O dado reforça uma tendência de queda iniciada em 2023, com redução de 76% em relação ao pico registrado em 2022.

Entre janeiro e junho de 2026 a Amazônia teve 1.145 quilômetros quadrados de floresta derrubada, 10% menos que no primeiro semestre do ano anterior, segundo levantamento divulgado pelo Instituto do Homem e Meio Ambiente da Amazônia (Imazon).

O dado reforça uma tendência de queda iniciada em 2023, com redução de 76% em relação ao pico registrado em 2022.

Resultados gerais e papel das áreas protegidas

O estudo mostra que 588 áreas protegidas — mais de 80% desses territórios — passaram o semestre sem registros de desmatamento. Essas áreas incluem 330 terras indígenas e 258 unidades de conservação. No total do período, as áreas protegidas concentraram 97,37 quilômetros quadrados do desmatamento na Amazônia, o equivalente a 8% do total derrubado; desse montante, 9,38 km² ocorreram em terras indígenas e 87,99 km² em unidades de conservação.

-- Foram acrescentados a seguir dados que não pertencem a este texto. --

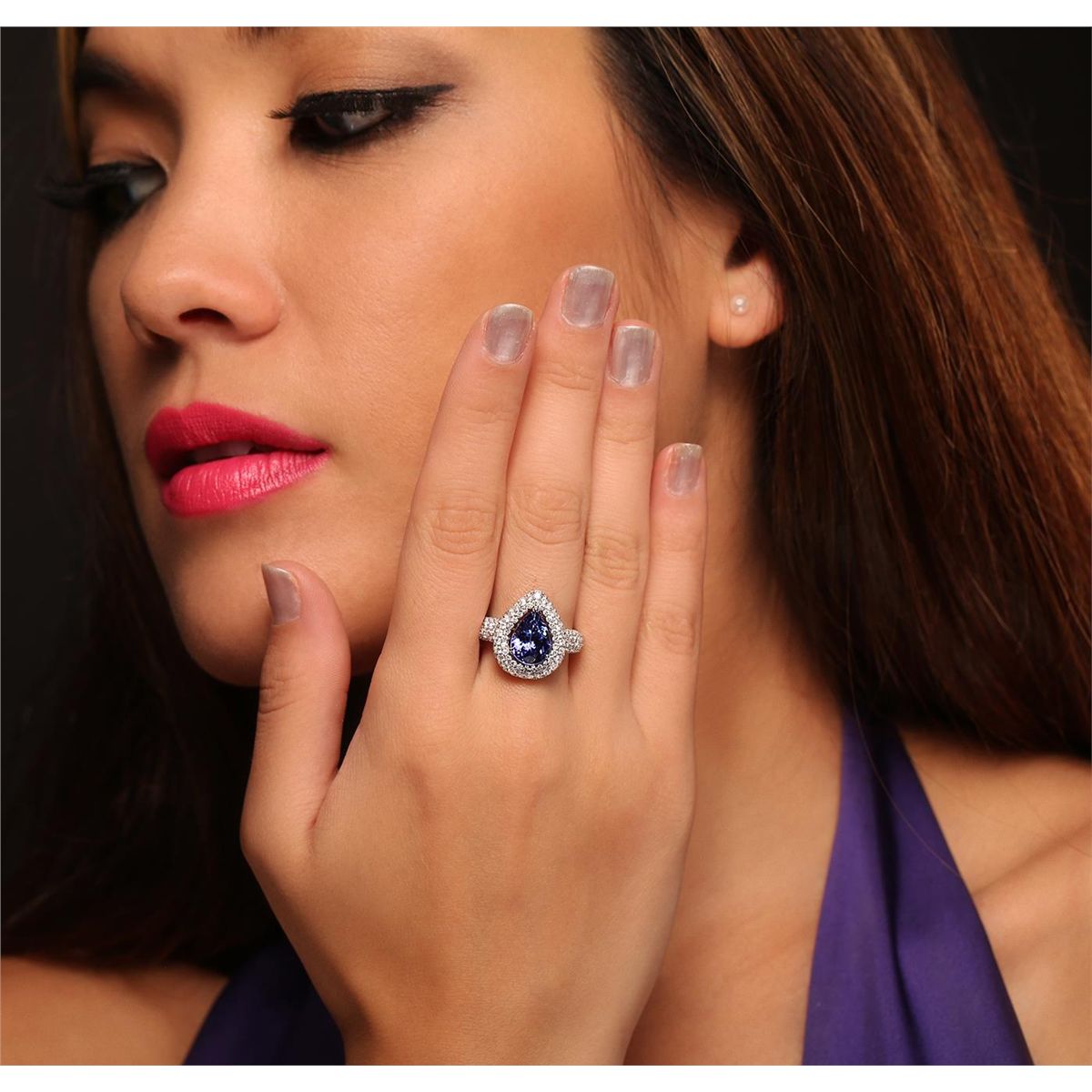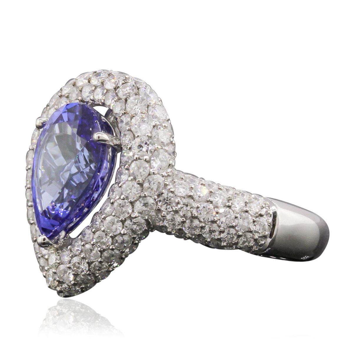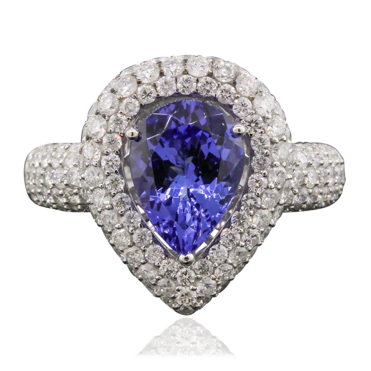 One electronically tested 14KT white gold Ladies combination cast & assembled ring with a bright polish finish. Condition is new. Identified with markings of "14K". Containing: One prong set pear modified brilliant cut natural tanzanite, measuring 11.00 x 8.00 x 5.20mm, approximate weight of 2.75ct., clarity is eye clean, type I, medium, moderately strong, bluish violet color, (GIA bV 5/4), cut is very good. Colored gemstones are presumed to have been subjected to commonly used color/clarity enhancement processes. Eighty-Two prong set round brilliant cut diamonds, measuring 1.30 - 1.30 x 0.86mm (depth est.) approximate. Total Weight of 82 Stones = 0.82ct. Clarity: I-1 to I-2. Color: H - I, Cut is Good. Eighty-Four prong set round brilliant cut diamonds, measuring 1.40 - 1.40 x 0.84mm (depth est.) approximate. Total Weight of 84 Stones = 1.17ct. Clarity: I-1 to I-2. Color: H - I, Cut is Good. Total Weight of Colored Stones 2.75ct. Total Weight of Diamonds 1.99ct. Total Weight of Ring 6.50 grams. GGL Appraised at $9,595.00.
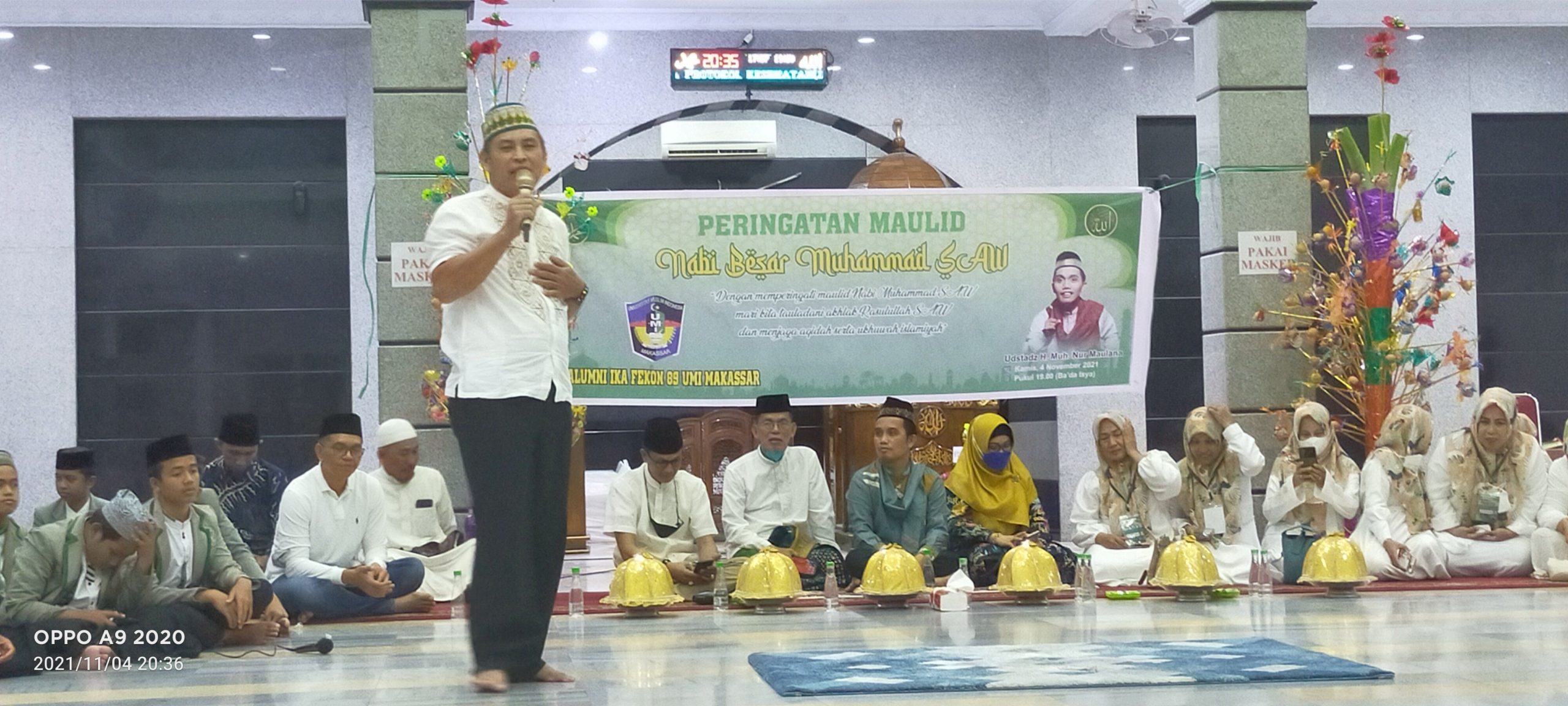 Makassar, Beritakota Online-Keluarga besar Ikatan Alumni (IKA) Universitas Muslim Indonesia (UMI) Makassar Fakultas Ekonomi Angkatan 89 menggelar peringatan Maulid Nabi Besar Muhammad SAW 1443 Hijriah, Kamis (5/11/2021) dan merupakan kegiatan rutin yang digelar setiap tahun di Ika Fekom 89 UMI Makassar di Masjid Taqwa Jl Dr Wahidin Sudirohusodo Makassar.
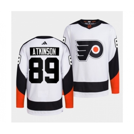 >Men's Philadelphia Flyers #89 Cam Atkinson White 2022 Reverse Retro Stitched Jersey
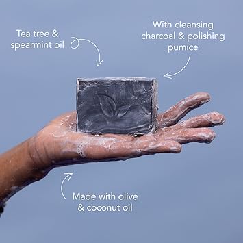 - Got troubled skin? We've got you covered! This body wash bar includes exfoliating pumice, deep cleansing charcoal, and soothing tea tree and spearmint. We use ground pumice in this bar, which is a light and porous volcanic rock, so can be abrasive, we recommend that you apply the product onto skin gently or apply with a loofah.
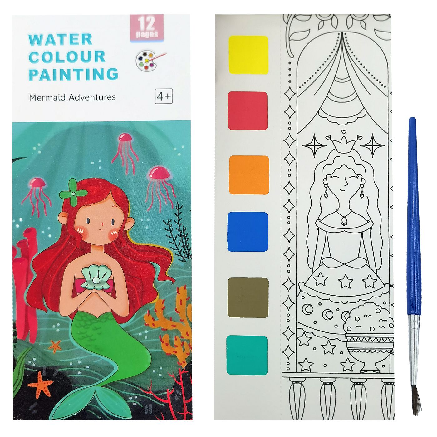 Σετ=μπλοκ 12 φύλλων χρωματισμού & πινέλο ‘κάθε φύλλο περιέχει νερομπογιές 19x8cm

Concentração do desmate em pontos específicos

Apesar da redução geral, o levantamento identifica pontos de pressão localizados. A Área de Proteção Ambiental (APA) Triunfo do Xingu, no Pará, respondeu por metade do desmatamento em áreas protegidas no primeiro semestre, com 47,85 km². A Floresta Nacional (Flona) do Jamanxim, também no Pará, perdeu 3,45 km² e aparece entre as unidades de conservação mais afetadas.

Impactos políticos e legais

A divulgação do levantamento ocorreu dias após os Estados Unidos terem citado o desmatamento ilegal como justificativa para aplicar uma tarifa adicional de 25% sobre produtos brasileiros; o governo brasileiro classificou a medida como indevida e ressaltou a queda nos índices desde 2023.

Brenda Brito, coordenadora do Programa de Direito e Sustentabilidade do Imazon, alertou que a aprovação no Senado de um projeto que reduz a área da Flona do Jamanxim tende a favorecer ocupações ilegais dentro da unidade de conservação e defendeu veto presidencial ao texto.

Desmatamento por estados e período de análise

No recorte por estados da Amazônia Legal, considerando o intervalo de agosto de 2025 a junho de 2026, Roraima e Maranhão foram os únicos a registrar alta no desmatamento, com aumentos de 25% e 20%, respectivamente. Os demais sete estados apresentaram queda, variando de 67% em Tocantins a 27% em Mato Grosso.

Em termos de área desmatada no período, o Pará liderou com 684 km², seguido por Mato Grosso (509 km²) e Amazonas (378 km²).

O que isso significa na prática

A redução apurada pelo Imazon indica avanços pontuais no controle do desmatamento, mas a persistência de focos intensos — especialmente em áreas protegidas — evidencia riscos para a conservação e a necessidade de ações direcionadas. Políticas públicas, fiscalização e decisões legislativas sobre limites de unidades de conservação terão papel central para consolidar a tendência de queda.

Conclusão

O relatório do Imazon confirma uma tendência de queda do desmatamento na amazônia no primeiro semestre de 2026, mas também alerta para concentrações de desmate que podem reverter ganhos locais. A leitura imediata é de progresso, a leitura estratégica exige manutenção de medidas de proteção e resposta a pressões regionais. Cabe aos gestores públicos e à sociedade acompanhar indicadores e decisões que afetem áreas protegidas.